Records contained in a dataset
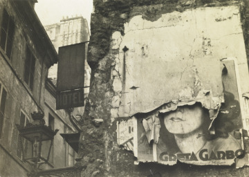 With her camera pointed upward from the narrow street, Ilse Bing captured this view of Parisian buildings and signage. Her image reveals an engaging intersection of different geometric planes. Additionally, the lilting poster on a crumbling wall obscuring Greta Garbo’s eyes makes this an oddly enigmatic image, reflecting early 20th-century Surrealism’s emphasis on dreamlike scenarios. Bing represented a newer generation of photographers in the early 20th century who adopted smaller portable cameras to explore their environments and uncover unexpected details. She was one of the first to use a Leica 35mm camera, and—unfettered by tripods and negative holders—she generated innovative compositions for both private and commercial purposes.
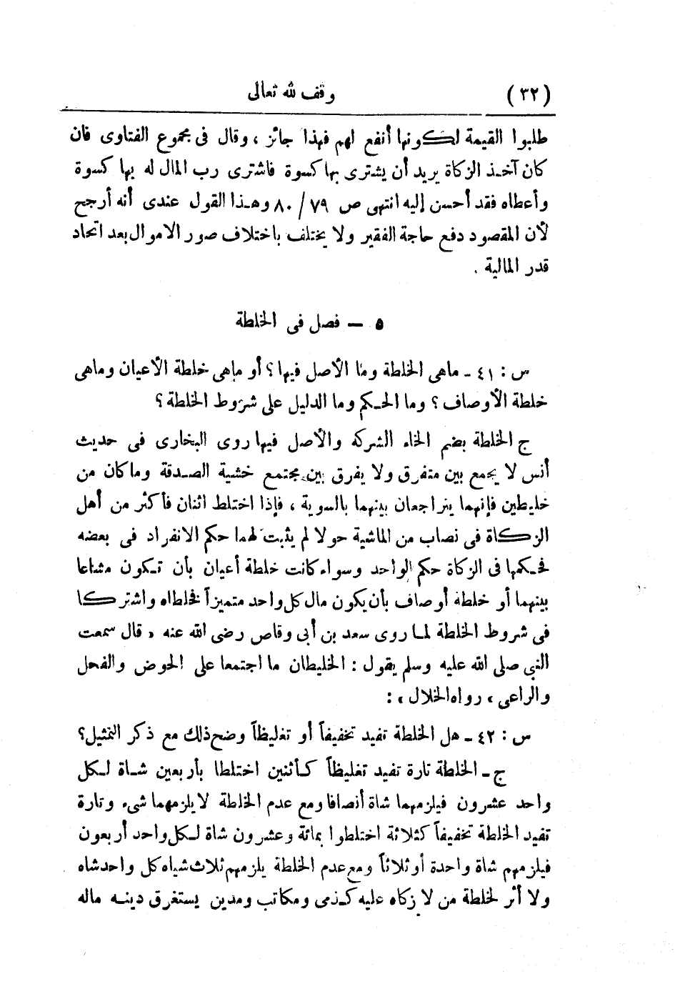 ج: الخلطة: بضم الخاء الشركة، والأصل فيها روى البخاري في حديث أنس لا يجمع بين متفرق ولا يفرق بين مجتمع خشية الصدقة، وما كان من خليطين فإنهما يتراجعان بينهما بالسوية، فإذا اختلط اثنان فأكثر من أهل الزكاة في نصاب من الماشية حولاً لم يثبت لهما حكم الانفراد في بعضها فحكمها في الزكاة حكم الواحد وسواء كانت خلطة أعيان بأن تكون مثلها فحكمها في الزكاة حكم واحد وسواء كانت خلطة أعيان بأن تكون مشاعًا بينهما، أو خلطة أوصاف: بأن يكون مال كل واحد متميزًا فخلطاه واشتركا في شروط الخلطة؛ لما روى سعد بن أبي وقاص - رضي الله عنه -، قال: سمعت رسول الله - صلى الله عليه وسلم - يقول: «الخليطان ما اجتمعا على الحوض والفحل والراعي» رواه الخلال.
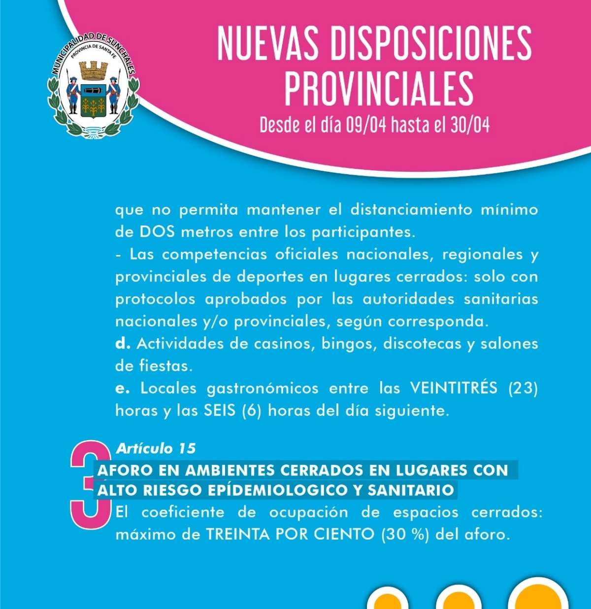 Ante la adhesión de provincia de Santa Fe al Decreto Nacional N° 235/21, la Municipalidad de Sunchales informa las nuevas disposiciones, las cuales entraron en vigencia desde las 0 horas del viernes 9/4, hasta el 30/4 inclusive.
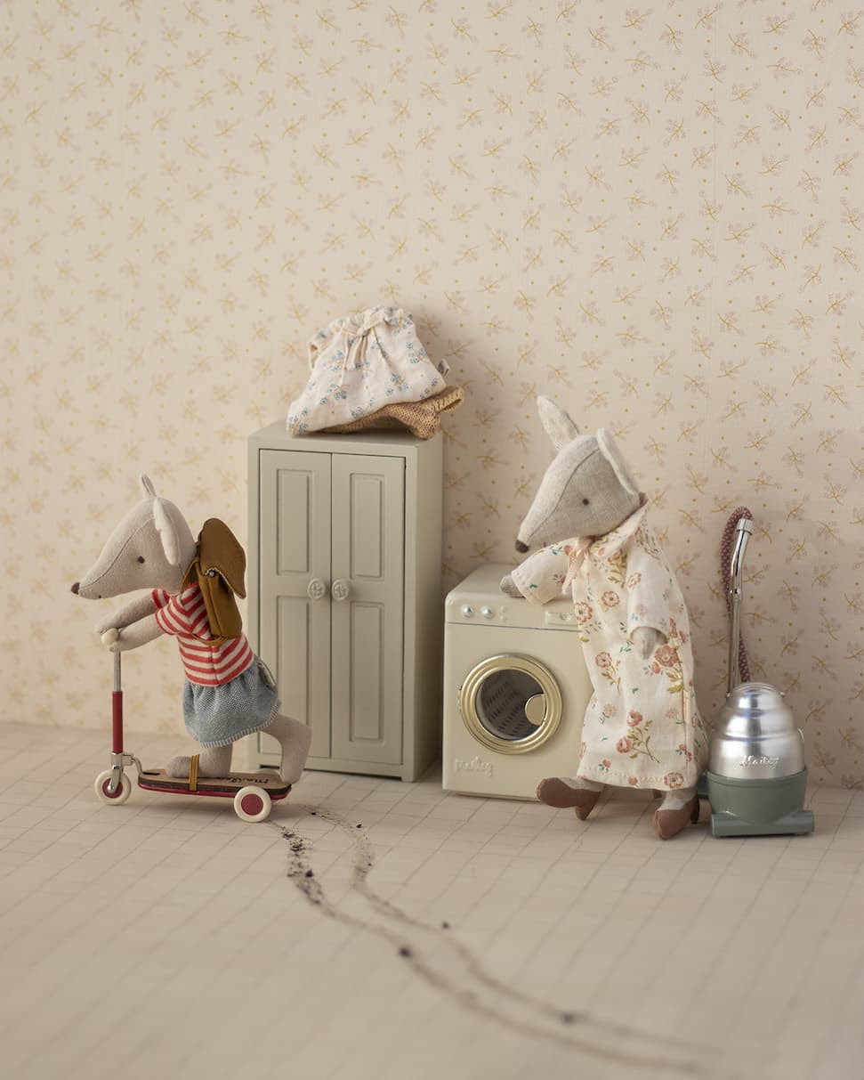 Every busy household needs a helping hand for the laundry - a washing machine is the right solution. It is made in metal and painted in off-white color, with many details that makes it indispensable in the play. Perfect in size for the mouse family.
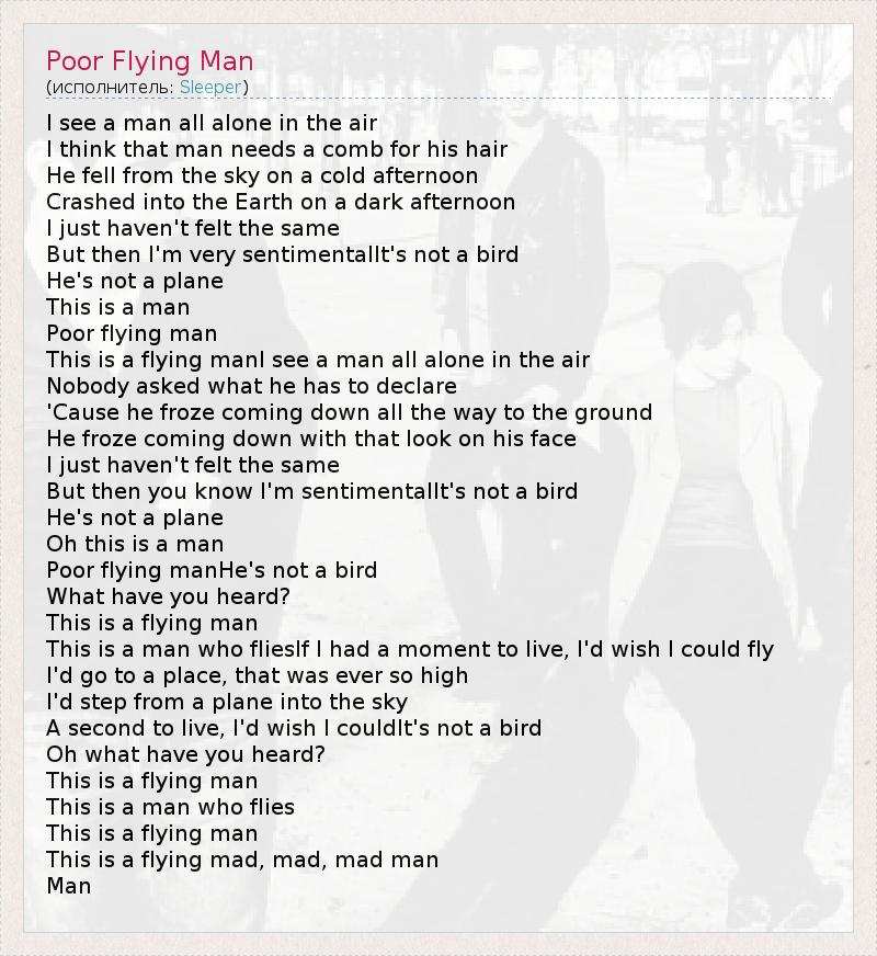 А как ты думаешь, о чем песня "Poor Flying Man" ?

## YOUR OBJECTIVE
Set the pictures aside and repeat only the lines from the one containing "Ante la adhesión" through the last line of the entries above, exactly as they stand.

## WRITTEN REPLY
 Ante la adhesión de provincia de Santa Fe al Decreto Nacional N° 235/21, la Municipalidad de Sunchales informa las nuevas disposiciones, las cuales entraron en vigencia desde las 0 horas del viernes 9/4, hasta el 30/4 inclusive.
 Every busy household needs a helping hand for the laundry - a washing machine is the right solution. It is made in metal and painted in off-white color, with many details that makes it indispensable in the play. Perfect in size for the mouse family.
 А как ты думаешь, о чем песня "Poor Flying Man" ?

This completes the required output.